Welcome to part three of the Six Pack of Brewing Success. Now I know I promised that it would take six weeks to get through this series and that was seven weeks ago where only now are we at the half way mark, but in my defence, I drink quite a bit and I get distracted easily so you know, live with it.
Let’s start with the question of pub versus bottleshop. People are much more likely to try a beer if it’s on tap in a pub rather than at a bottleshop, firstly because there is generally less choice in a pub which might have 6-8 beers on tap versus a line-up of fifty or so different beers in even the worst bottleshops. Also most bottleshops are geared towards 6 packs or slab sales and no one wants to risk ending up with 6, or worse still 24, shit beers.
So first and foremost getting tap presence is super important in getting trial, of course it’s harder to get a tap in a pub than included in a bottleshops range, but then again it’s cheaper to keg than bottle so it’s swings and roundabouts.
But what can a brewery do beyond this simple distribution focus? The next obvious option is tastings, there are a few breweries like Mildura who do a really nice job of this, particularly in the mainstream Uncle Dan’s stores, I’ve also been to some good ones from Moo Brew and others – and yes after they give you free beer you do feel compelled to buy a 6 pack or two.
But what about the things that breweries aren’t doing?
Say you are a brewery that has a popular style (like say Mountain Goat Steam Ale) and you have a new beer to launch, why not give away one of the new ones when someone buys a six pack of their favourite beer?
What about if you were someone like Two Birds, you have successfully launched a Golden Ale, people seem to be buying it and now you launch your second beer the ‘Sunset Ale’ how do you get people to try it ? How about a mixed 6 pack, three Golden, three Sunset?

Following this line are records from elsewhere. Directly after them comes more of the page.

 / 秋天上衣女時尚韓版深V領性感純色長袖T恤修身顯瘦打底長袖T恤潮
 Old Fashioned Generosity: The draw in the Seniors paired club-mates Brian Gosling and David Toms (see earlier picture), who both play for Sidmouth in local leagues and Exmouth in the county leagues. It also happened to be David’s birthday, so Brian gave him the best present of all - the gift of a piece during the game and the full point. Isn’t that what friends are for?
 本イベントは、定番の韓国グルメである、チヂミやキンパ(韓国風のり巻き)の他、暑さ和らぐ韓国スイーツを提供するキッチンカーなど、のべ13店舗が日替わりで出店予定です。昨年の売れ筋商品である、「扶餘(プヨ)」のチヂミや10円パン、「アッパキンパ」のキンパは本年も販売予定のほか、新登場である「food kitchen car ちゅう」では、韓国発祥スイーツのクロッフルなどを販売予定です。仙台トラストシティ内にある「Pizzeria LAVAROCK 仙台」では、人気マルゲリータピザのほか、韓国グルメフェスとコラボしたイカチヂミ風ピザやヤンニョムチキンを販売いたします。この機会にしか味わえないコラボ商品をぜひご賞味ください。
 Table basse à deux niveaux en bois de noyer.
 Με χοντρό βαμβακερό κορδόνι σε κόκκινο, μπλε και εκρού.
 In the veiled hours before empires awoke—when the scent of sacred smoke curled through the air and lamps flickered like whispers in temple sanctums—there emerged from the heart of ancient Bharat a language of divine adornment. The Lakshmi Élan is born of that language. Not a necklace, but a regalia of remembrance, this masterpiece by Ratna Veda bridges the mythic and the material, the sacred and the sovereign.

Let’s talk events, I’m not talking beery events here, yeah you can launch at Beer Deluxe or the Local Taphouse if you want, but let’s face it you are probably preaching to the converted (or soon to be). The Microbreweries Showcase might open it up a bit, but I think more breweries need to think beyond the traditional beer market.
Or maybe just look for unusual places to sample, Matilda Bay did this well with their tastings at places like South Melbourne market, where they matched their beer to ‘market style food.’ Of course the two times I encountered this it was breakfast time so I wasn’t really up for a beer, but a nice thought anyway.

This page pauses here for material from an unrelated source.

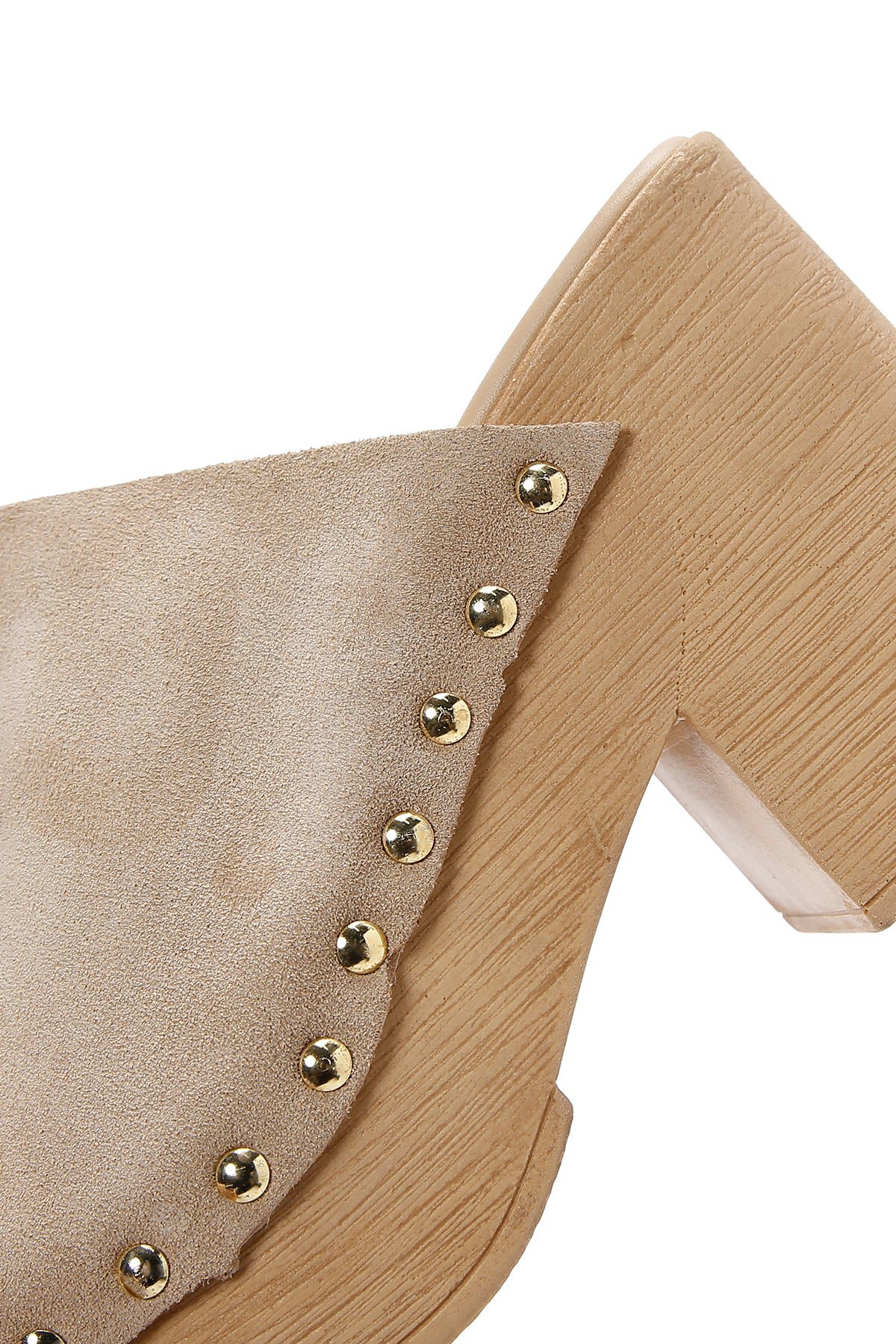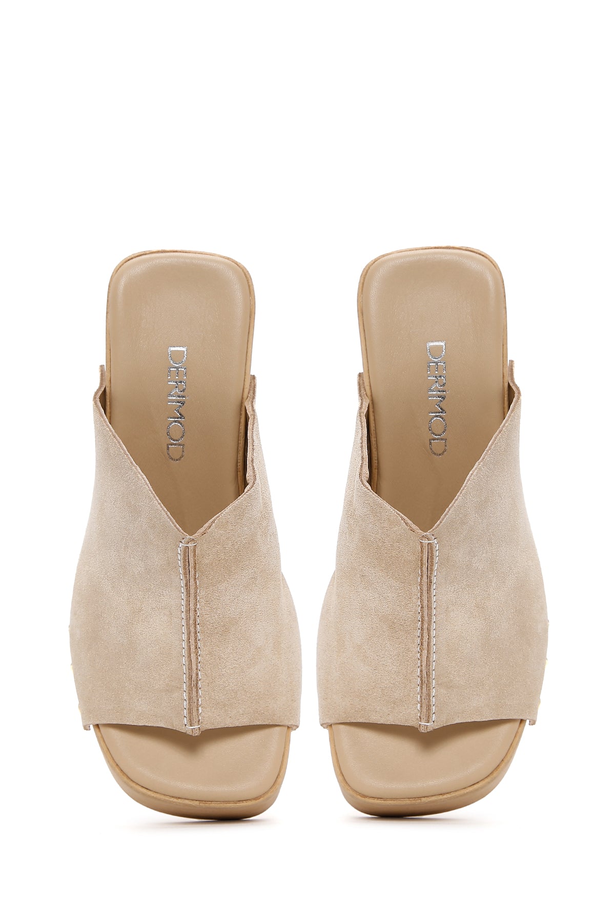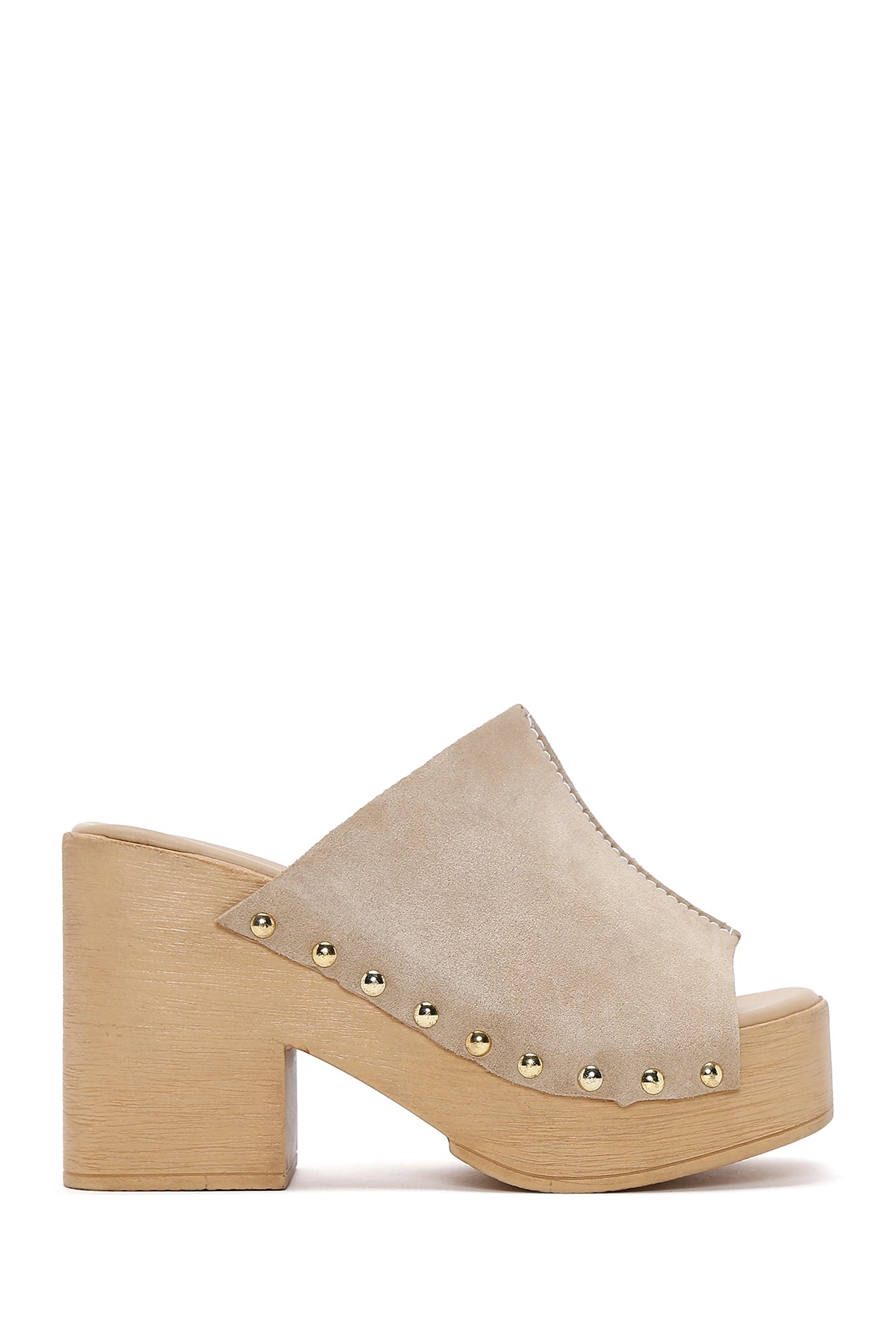 Kadın Bej Yüksek Kalın Topuklu Süet Deri Terlik

As a brewery why not look for events that might contain a group of people that might like your product but don’t normally come across it? Perhaps you should find some art gallery openings, see if you can get those arty types to put down their wine and pick up a beer instead.
Or pick an industry – think that craft beer appeals to white collar males aged 25-39? Then pick an industry where there might be a lot of these people and advertise to them, run a competition where you will bring a keg of your latest brew to their workplace for Friday night drinks. Better still pick an industry that work in digital, free beer will get them twittering in no time.

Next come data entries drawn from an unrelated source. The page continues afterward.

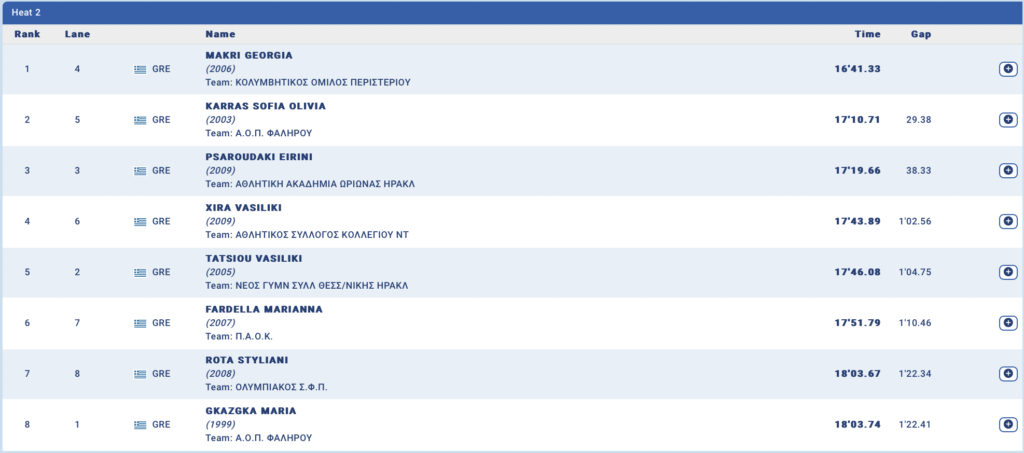Στις γυναίκες η Γεωργία Μακρή (ΚΟ Περιστερίου) κολύμπησε χωρίς ανταγωνισμό στα μέτρα της, αφού δεν έπεσε στο αγώνισμα η κάτοχος του πανελλήνιου ρεκόρ Άρτεμις Βασιλάκη (Τρίτωνας Ηρακλείου). Τερμάτισε όμως σε 16:41.33, πολύ κοντά στο 16:40.92 που έχει από φέτος ως ατομικό ρεκόρ. Τη δεύτερη θέση με 17:10.71 πήρε η Σοφία Ολίβια Καρράς (ΑΟΠΦ) και την τρίτη η 16χρονη Ειρήνη Ψαρουδάκη (Ωρίωνας Ηρακλείου) με 17:19.66.
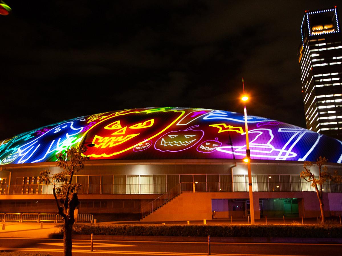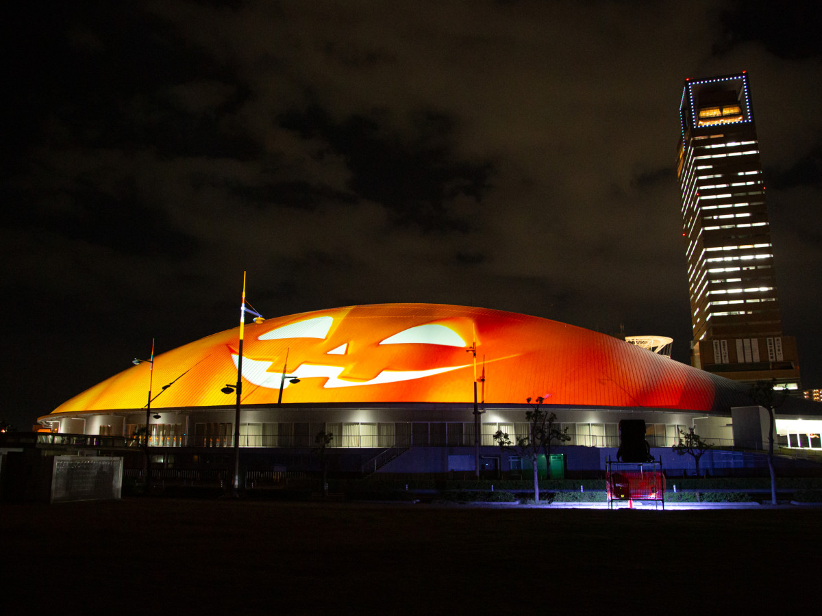 アリーナ一面が巨大な「ジャックオランタン」になる場面も=あなぶきアリーナ香川でプロジェクションマッピング ハロウィーン題材に
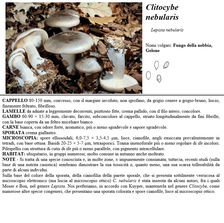CAPPELLO 80-150 mm, convesso, con il margine incoluto, non igrofano, da grigio cenere a grigio-bruno, liscio, finemente feltrato, fibrilloso. LAMELLE da adnate a leggermente decorrenti, piuttosto fitte, crema pallido, con il filo intero, concolore. GAMBO 60-90 x 15-30 mm, clavato, farcito, subconcolore al cappello, striato longitudinalmente da fini fibrille, con la base coperta da un feltro miceliare bianco. CARNE bianca, con odore forte, aromatico, più o meno sgradevole e sapore sgradevole. SPOR,-kTA crema giallastro. MICROSCOPIA spore ellissoidali, 6,0-7,5 x 3,5-4,5 µm, lisce, cianofile, negli essiccata prevalentemente in tetradi, con base ottusa. Basidi 20-25 x 5-7 µm, tetrasporici. Trama imenoforale più o meno regolare di ife incolori. Pileipellis con struttura di cutis di ife più o meno parallele, con pigmento inuacellulare. HABITAT ubiquitario, in gruppi numerosi, molto comune in autunno anche inoltrato. NOTE - Si tratta di una specie conosciuta e, in molte zone, - impunemente consumata, tuttavia, recenti studi (sulla base di una nutrita casistica) sembrano dimostrare la sua tossicità o, quanto meno, una sua scarsa tollerabilità da parte di alcuni individui. Sulla base del colore della sporata, della cianofilia della parete sporale, che si presenta sottilmente verrucosa al microscopio elettronico (ma liscia al microscopio ottico) C. nebularis è stata inserita da alcuni autori, fra i quali Vtoser e Bon, nel genere Lepista. Noi preferiamo, in accordo con Kuyper; mantenerla nel genere Clitocybe, come numerose altre specie congeneri, che presentano una sporata colorata e spore cianofile, lisce al microscopio ottico.

There is no reason why trial strategies have to be giving away beer either, why not offer catering packs (mini-kegs would be ideal) to people organising events? I read here that Young Henry’s (a microbrewery in NSW) biggest customer for growlers is The Sydney Theatre Company who are then selling them the beer to patrons by the glass. Great idea.
And what about pop-up bars? Young people love that shit. Okay you might need a liquor license or something but these are just technicalities, wouldn’t it be cool to have a coffee cart like thingy with a couple of kegs it in serving beer to people in Melbourne’s laneways?